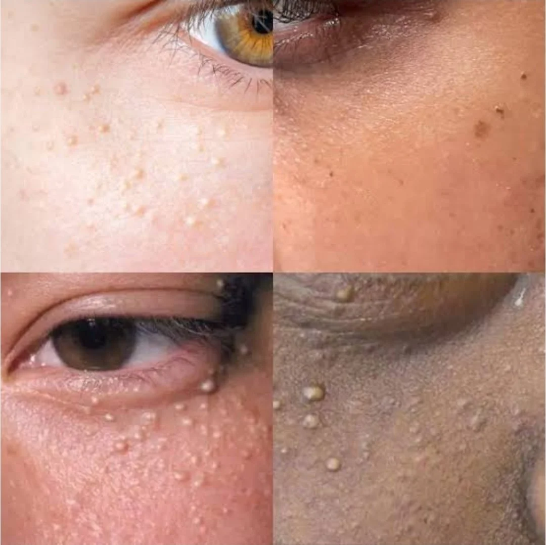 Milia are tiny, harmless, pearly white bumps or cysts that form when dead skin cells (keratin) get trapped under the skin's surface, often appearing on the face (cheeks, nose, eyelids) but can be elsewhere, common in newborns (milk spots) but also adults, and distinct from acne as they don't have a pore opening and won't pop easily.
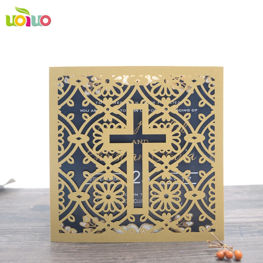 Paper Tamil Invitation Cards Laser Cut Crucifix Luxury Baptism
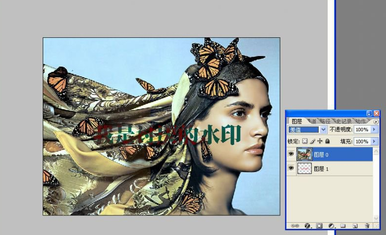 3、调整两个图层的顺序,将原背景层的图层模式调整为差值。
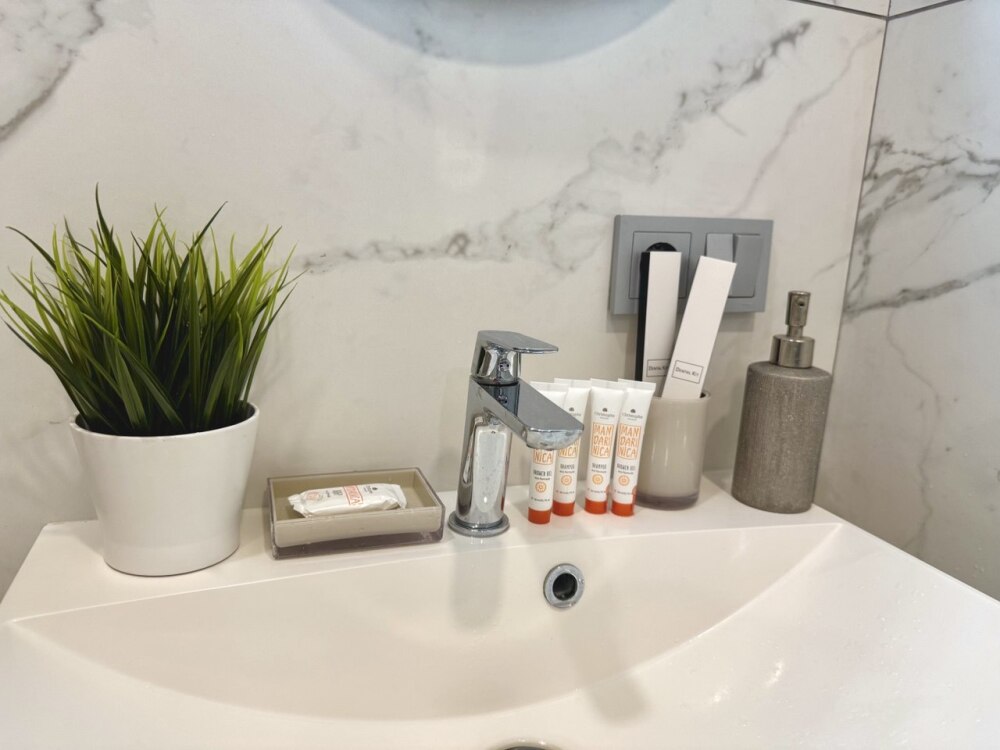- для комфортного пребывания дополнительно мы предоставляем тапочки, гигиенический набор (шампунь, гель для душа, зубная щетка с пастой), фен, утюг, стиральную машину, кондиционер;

● **Aim of the task**: Write every line of the data out again exactly, leaving out all images.

● **Task output**:
 Milia are tiny, harmless, pearly white bumps or cysts that form when dead skin cells (keratin) get trapped under the skin's surface, often appearing on the face (cheeks, nose, eyelids) but can be elsewhere, common in newborns (milk spots) but also adults, and distinct from acne as they don't have a pore opening and won't pop easily.
 Paper Tamil Invitation Cards Laser Cut Crucifix Luxury Baptism
 3、调整两个图层的顺序,将原背景层的图层模式调整为差值。
- для комфортного пребывания дополнительно мы предоставляем тапочки, гигиенический набор (шампунь, гель для душа, зубная щетка с пастой), фен, утюг, стиральную машину, кондиционер;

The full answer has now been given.